Neural Networks – How to Construct a Cross-Entropy Loss for General Regression Targets

cross entropyloss-functionsmaximum likelihoodneural networks

It's common short-hand in neural networks literature to refer to categorical cross-entropy loss as simply "cross-entropy." However, this terminology is ambiguous because different probability distributions have different cross-entropy loss functions.

So, in general, how does one move from an assumed probability distribution for the target variable to defining a cross-entropy loss for your network? What does the function require as inputs? (For example, the categorical cross-entropy function for one-hot targets requires a one-hot binary vector and a probability vector as inputs.)

A good answer will discuss the general principles involved, as well as worked examples for

  • categorical cross-entropy loss for one-hot targets
  • Gaussian-distributed target distribution and how how this reduces to usual MSE loss
  • A less common example such as a gamma distributed target, or a heavy-tailed target
  • Explain the relationship between minimizing cross entropy and maximizing log-likelihood.

Best Answer

Suppose that we are trying to infer the parametric distribution $p(y|\Theta(X))$, where $\Theta(X)$ is a vector output inverse link function with $[\theta_1,\theta_2,...,\theta_M]$.

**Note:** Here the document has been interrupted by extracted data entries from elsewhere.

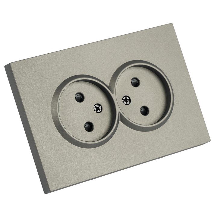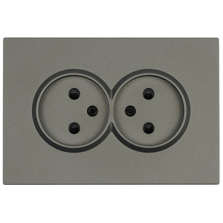 Розетка 2-местная с защитной шторкой, STEKKER, б/з, 250В, 16А, серия Эмили, RST10-5116-09, антрацит, soft touch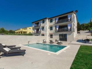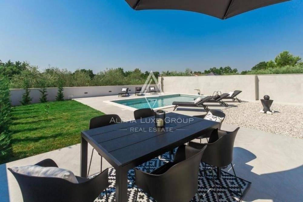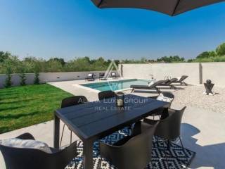 Ova atraktivna moderna vila s bazenom se nalazi na kraju sela u mirnom okruženju, samo 7 km od centra i 5,5 km od plaže. Kuća je veličine 240 m2 sadrži dvije etaže i suteren, na okućnici od 476 m2.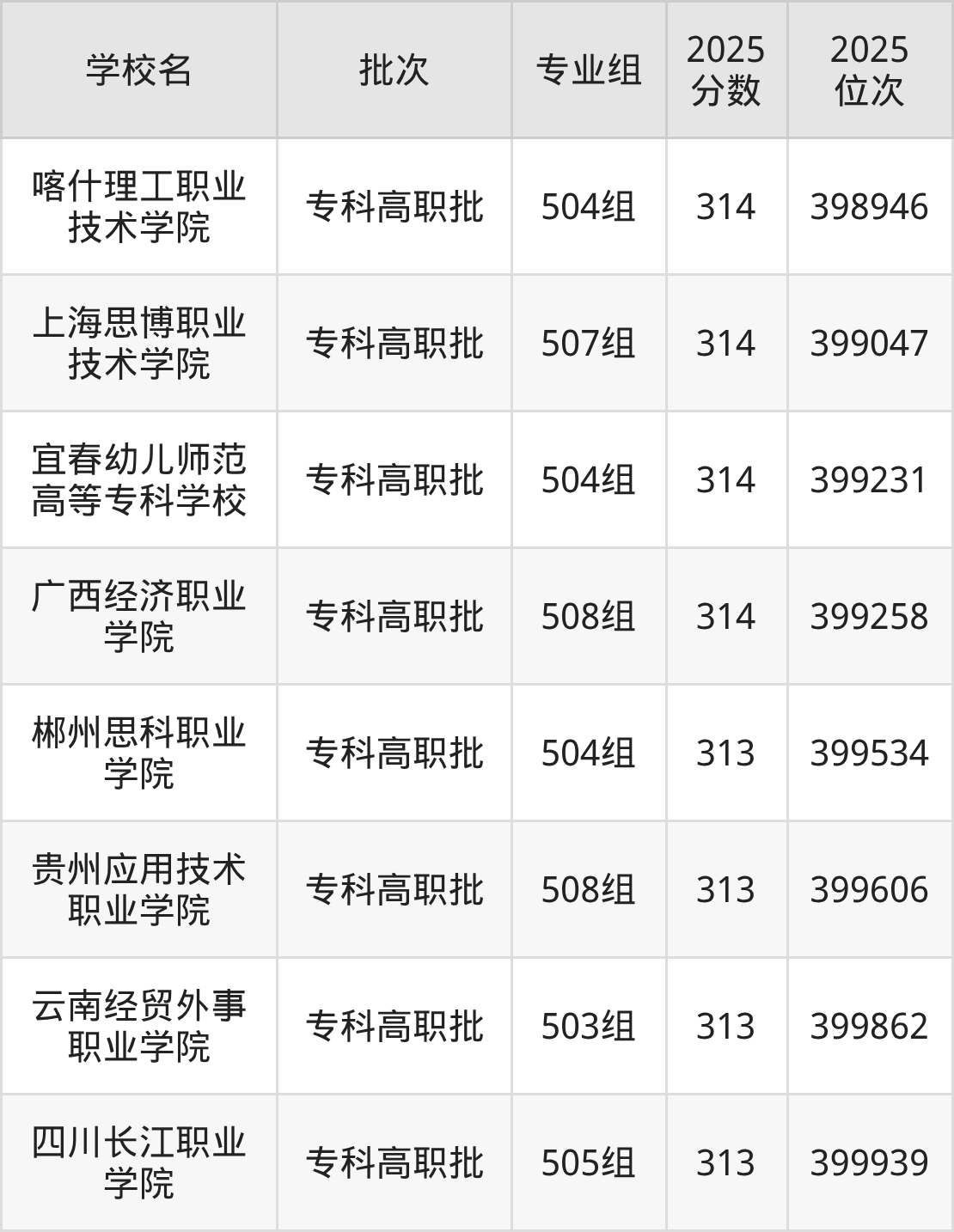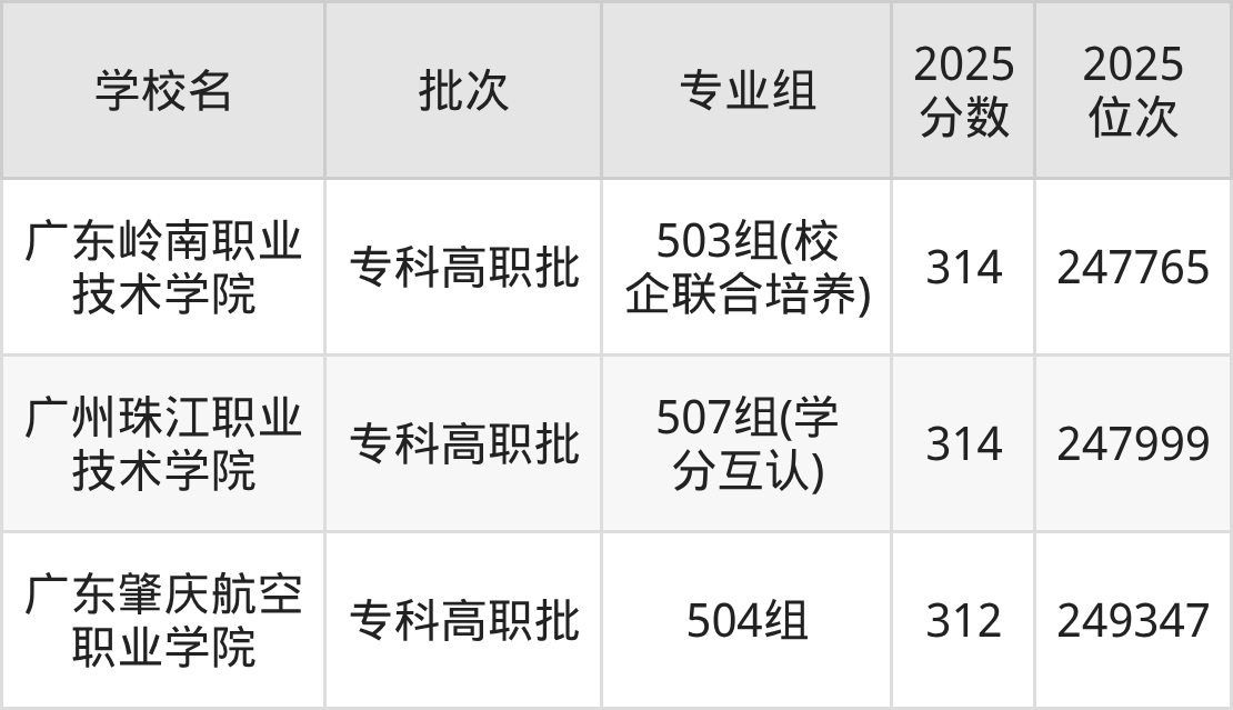 2025年广东高考物理类313分(399289名~399931名)能上的大学有云南经贸外事职业学院503组、四川长江职业学院505组、贵州应用技术职业学院508组、郴州思科职业学院504组。

We have a neural network at hand with some topology we decided. The number of outputs at the output layer matches the number of parameters we would like to infer (it may be less if we don't care about all the parameters, as we will see in the examples below).

enter image description here

In the hidden layers we may use whatever activation function we like. What's crucial are the output activation functions for each parameter as they have to be compatible with the support of the parameters.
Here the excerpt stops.